● PROMPT:
Transcribe the full listing exactly, and drop every picture.

● WORKING DATA:

------

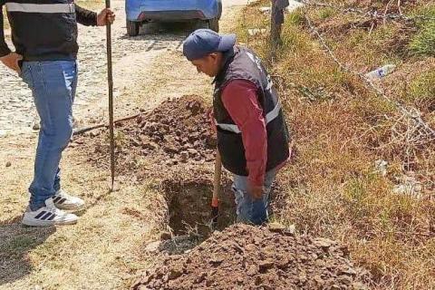 Como parte de estas labores, en la comunidad de Ocotlán se realizaron trabajos de preparación de cajetes para la colocación de postes de luz, infraestructura que permitirá mejorar el servicio de alumbrado público.
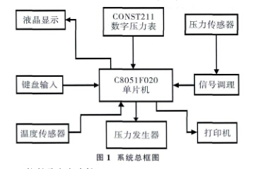 為滿足油田壓力儀表現場校驗的需要,提出開 發一種內嵌壓力源、能自動完成校驗過程的一體化 壓力表自動校驗。本系統采用基于C8051F020單片 機的可編程控制系統方案,由壓力發生器(壓力校驗 栗)、液晶顯示、CONST211數字壓力表、打印機、系 統校驗軟件以及它們之間的專用通訊電纜構成。系 統配以高精度的放大單元及A/D轉換器,進行嚴密 的零點及滿量程溫度誤差的補償,用單片機實現各 種數據的處理、分析、計算。通過面板薄膜開關作為 控制鍵盤,實現各種功能的設置。測量結果由液晶顯 示器顯示或通過RS-232接口輸出至計算機。下面 在系統總體組成框圖的基礎上簡要介紹幾個主要部 分的方案設計。系統總體組成框圖(圖l)。
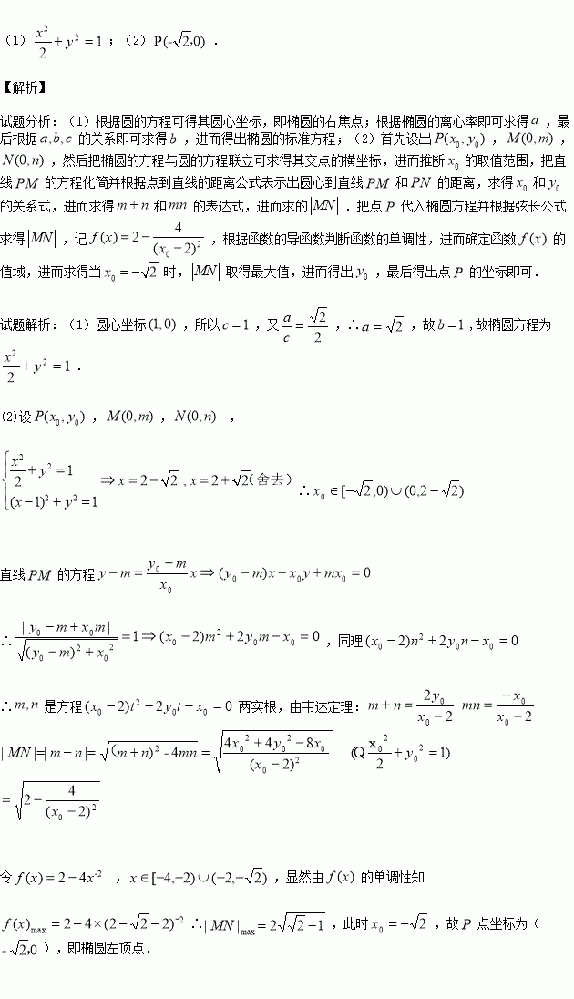 的圆心,过椭圆上的动点
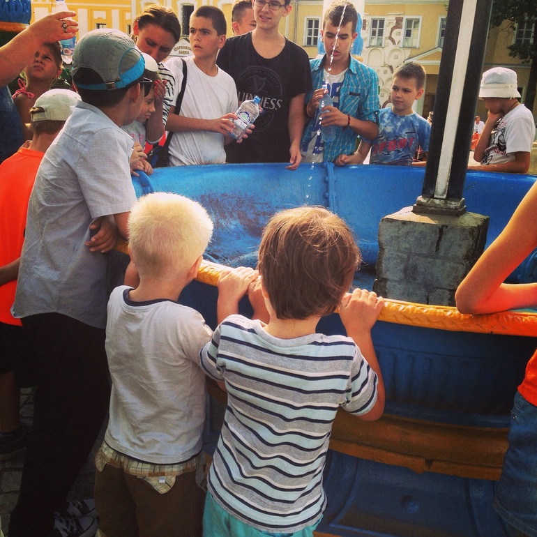 Здесь можно набрать святой воды, попить, или просто умыться, очереди небольшие, в основном, стоят дети
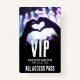 At the bottom, bold text highlights "VIP," the event name, date, and "All Access Pass." All text details and font colors can be customized. You can also replace the photo, though it may not fade to black as seamlessly at the bottom.
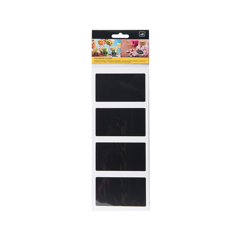 Etichette nere adesive a forma rettangolare, scrivibili con pennarello a gesso liquido e facilmente cancellabili con un panno umido.

------

● EXERCISE SOLUTION:
 Como parte de estas labores, en la comunidad de Ocotlán se realizaron trabajos de preparación de cajetes para la colocación de postes de luz, infraestructura que permitirá mejorar el servicio de alumbrado público.
 為滿足油田壓力儀表現場校驗的需要,提出開 發一種內嵌壓力源、能自動完成校驗過程的一體化 壓力表自動校驗。本系統采用基于C8051F020單片 機的可編程控制系統方案,由壓力發生器(壓力校驗 栗)、液晶顯示、CONST211數字壓力表、打印機、系 統校驗軟件以及它們之間的專用通訊電纜構成。系 統配以高精度的放大單元及A/D轉換器,進行嚴密 的零點及滿量程溫度誤差的補償,用單片機實現各 種數據的處理、分析、計算。通過面板薄膜開關作為 控制鍵盤,實現各種功能的設置。測量結果由液晶顯 示器顯示或通過RS-232接口輸出至計算機。下面 在系統總體組成框圖的基礎上簡要介紹幾個主要部 分的方案設計。系統總體組成框圖(圖l)。
 的圆心,过椭圆上的动点
 Здесь можно набрать святой воды, попить, или просто умыться, очереди небольшие, в основном, стоят дети
 At the bottom, bold text highlights "VIP," the event name, date, and "All Access Pass." All text details and font colors can be customized. You can also replace the photo, though it may not fade to black as seamlessly at the bottom.
 Etichette nere adesive a forma rettangolare, scrivibili con pennarello a gesso liquido e facilmente cancellabili con un panno umido.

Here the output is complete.